◆ Data for analysis ◆
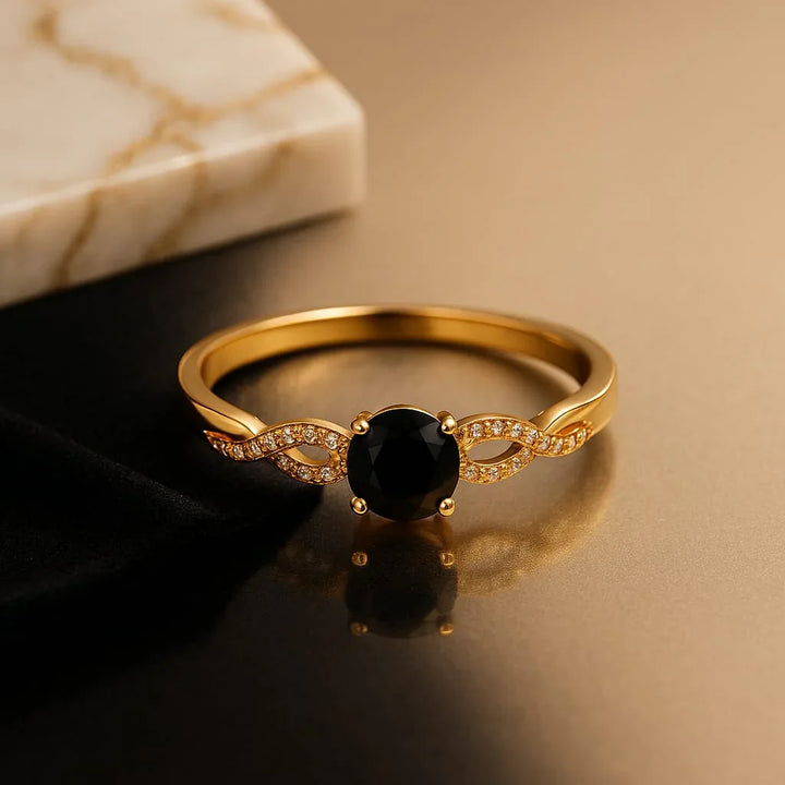 🖤 Deep jet-black round stone as the centerpiece of mystery
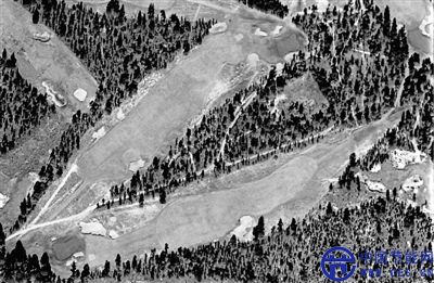 松樹叢2號球場在1943年的航拍圖,中心線灌溉系統(tǒng)鋪設(shè)在球道中央。
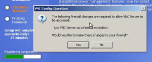 6. I have tried to do a silent install of the new RealVNC Enterprise edition 4.4.1 but a message pops up asking to configure the Windows XP Firewall to automatically work with RealVNC. I have successully integrated previous versions into Windows XP but the new 4.4.1 now hangs at that question. here is the InF I found from a previous version and that always worked so far but now a box pops up asking to say yes or no during install to configure RealVNC with the Windows Firewall. any suggestions? [EditFile] I386\SVCPACK.INF,SetupHotfixesToRun,AddProgram [AddProgram] RealVNC441.exe /VERYSILENT /SP-
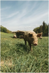 A pig wandering freely on a lush green pasture in
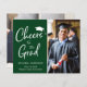 バジェットモダンフォトフレンドリーグリーン卒業発表カード。正面には卒業生の写真と「卒業生への応援」が書白い台本でモダンあり、上にグラッドキャップが付いている。名前と学校で簡単にパーソナライズし、背面に別の写真を追加。
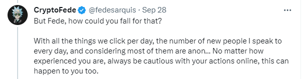 I use this tweet as a reminder that even official domains can be hacked and overtaken.
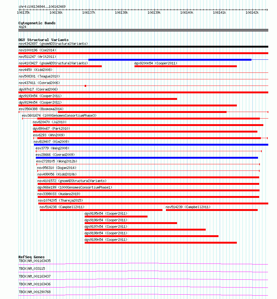 | | Variant Type | CNV deletion | | Copy Number | | | Allele State | | | Allele Origin | | | Probe Count | | | Validation Flag | | | Merged Status | M | | Merged Variants | | | Supporting Variants | essv9763135 | | Samples | | | Known Genes | TBCK | | Method | Sequencing | | Analysis | | | Platform | Illumina HiSeq 2000 | | Comments | | | Reference | Boomsma_et_al_2014 | | Pubmed ID | 23714750 | | Accession Number(s) | esv3564388
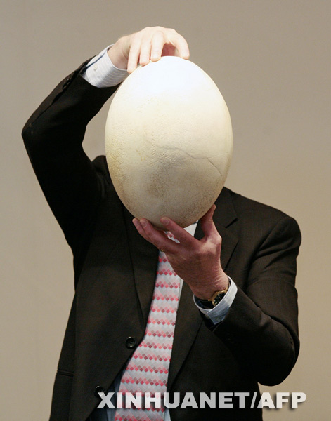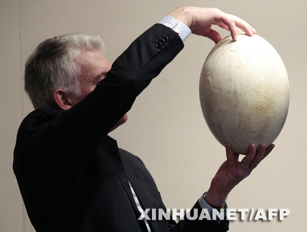 3月25日,一名男子在英國倫敦展示一枚據(jù)稱是“世界上最大的蛋”。這枚由已經(jīng)滅絕的馬達加斯加象鳥在十七世紀產(chǎn)下的蛋,將在當(dāng)天舉行的切爾西古董展上出售,標(biāo)價5000英鎊(約合7340美元)。新華社/法新
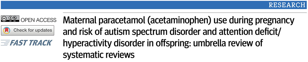 To assess the quality, biases, and validity of evidence on maternal paracetamol (acetaminophen) use during pregnancy and the risk of autism spectrum disorder (referred to as autism) and attention deficit/hyperactivity disorder (ADHD) in offspring.
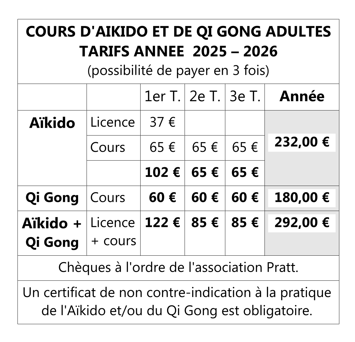 Lors de votre inscription, veuillez remplir le questionnaire de santé (ici) et l’attestation de santé (ici) ou fournir un certificat médical de non contre-indication à la pratique de l’aïkido.
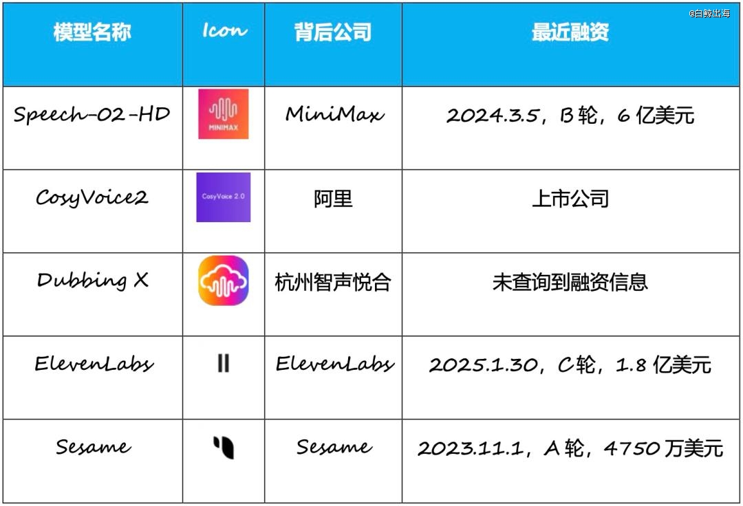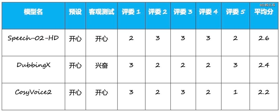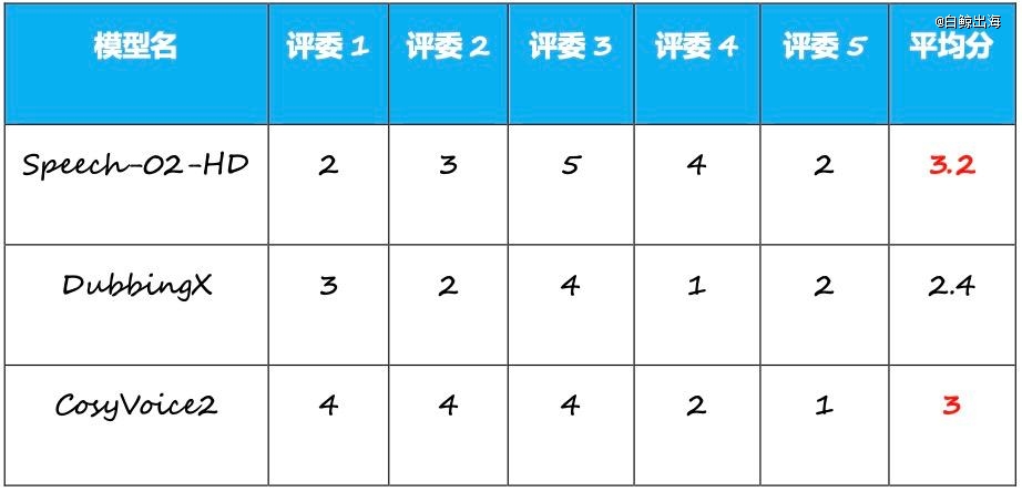 注 1:受试产品(模型)中,MiniMax、DubbingX、ElevenLabs、Sesame 均通过各自官网生成测试语音,阿里的 CosyVoice2 由于是开源模型,所以使用接入了 CosyVoice2 的第三方平台“书梦”。
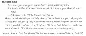1) Start of fifth verse: "Now if you dream about gambling, play 11, 17, and 61 If they don't give you your money, go buy you a Gatling gun."
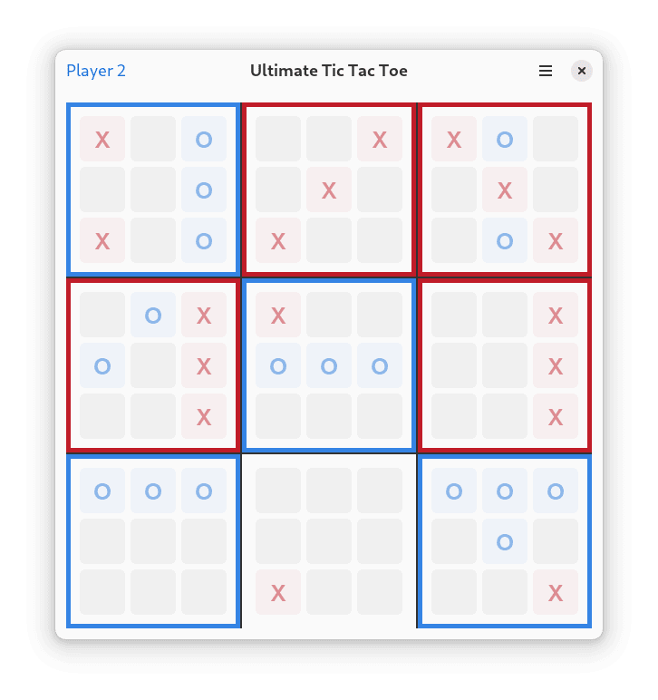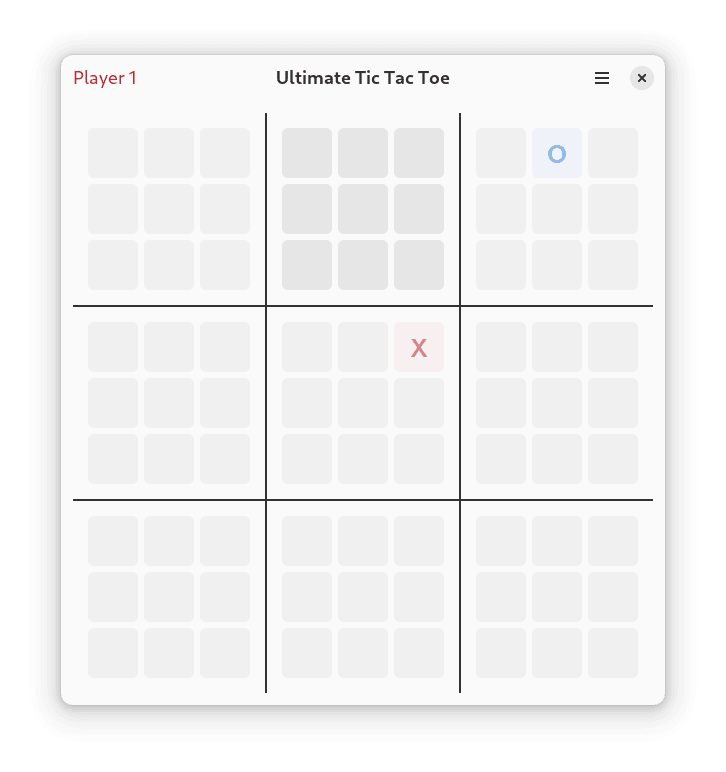 Play Ultimate Tic Tac Toe with your friends or against the algorithm. You can read the rules in the game.
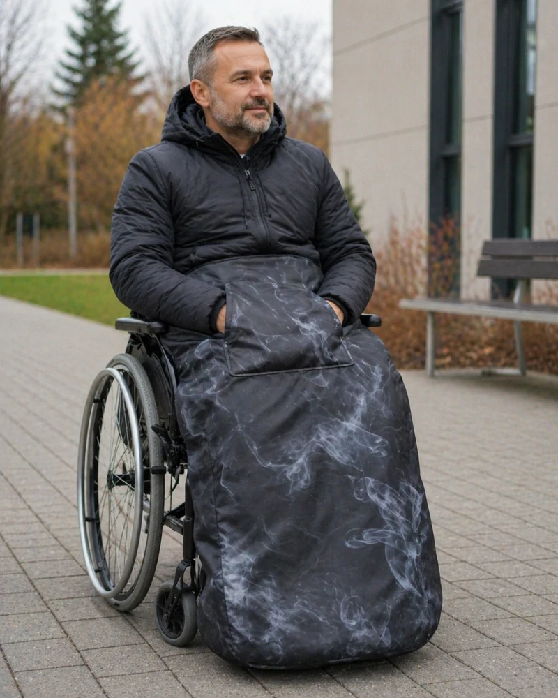 Zimní Nánožník na invalidní kočárek/vozík černá kouř s kapsou
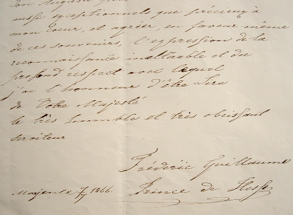Frédéric-Guillaume 1er Hesse-Cassel (de) (Philippsruhe, 1802/1875)[Lors de la guerre austro-prussienne de 1866, Frédéric-Guillaume 1er de Hesse, allié de l'Autriche, est vaincu militairement après la bataille de Sadowa (3 juillet 1866)]. Dans cette lettre, Frédéric-Guillaume 1er, aux abois, tente une ultime manoeuvre auprès de Napoléon III. «La phase critique dans laquelle se trouvent actuellement les intérêts dynastiques de l'Allemagne, et la confiance à laquelle Votre Majesté a daigné m'autoriser, quand naguère, j'osais m'adresser à elle dans la question du protocole de Londres, m'enhardit à derechef recourir à sa très haute bienveillance pour très humblement lui soumettre une question dont peut dépendre tout l'avenir, et de ma maison, et du rôle qu'elle sera appelée à jouer en Allemagne». Il avait réussi, au début de la guerre, à retirer le contingent électoral de Hesse et à l'incorporer à la garnison neutre de Mayence. «Cette mesure établit comme un fait la continuation d'existence du gouvernement électoral et lui donne - déplacé comme il l'est, mais non aboli par une prise partielle de possession étrangère effectuée avant même l'explosion de la guerre - le droit de se prononcer dans la grande question finale, qui va bientôt préoccuper les cabinets de l'Europe. Cette question, d'autant plus brûlante pour les états secondaires, qu'une paix séparée pourrait bien passer sous silence leurs intérêts particuliers, m'autorise à demander à Votre Majesté si, selon ses vues, je ne ferais pas bien d'engager mon cousin l'Electeur, à s'entendre à l'amiable avec la Cour de Berlin, auprès de laquelle le très haut appui de Votre Majesté daignerait peut-être, le cas échéant, nous accorder, deviendrait sans nul doute concluant [...]». Il lui demande son avis sur cette question cruaciale pour l'avenir de la principauté de Hesse. [Mais la Prusse le forcera à l'abdication et à l'exil. Par le traité de Prague, la confédération est dissoute et la Hesse annexée au royaume de Prusse].

◆ About this exercise ◆
Taking the material above, give again exactly the lines from the one holding "A pig wandering" through the one holding "I use this tweet", with both ends and without pictures.

◆ Exercise answer ◆
 A pig wandering freely on a lush green pasture in
 バジェットモダンフォトフレンドリーグリーン卒業発表カード。正面には卒業生の写真と「卒業生への応援」が書白い台本でモダンあり、上にグラッドキャップが付いている。名前と学校で簡単にパーソナライズし、背面に別の写真を追加。
 I use this tweet as a reminder that even official domains can be hacked and overtaken.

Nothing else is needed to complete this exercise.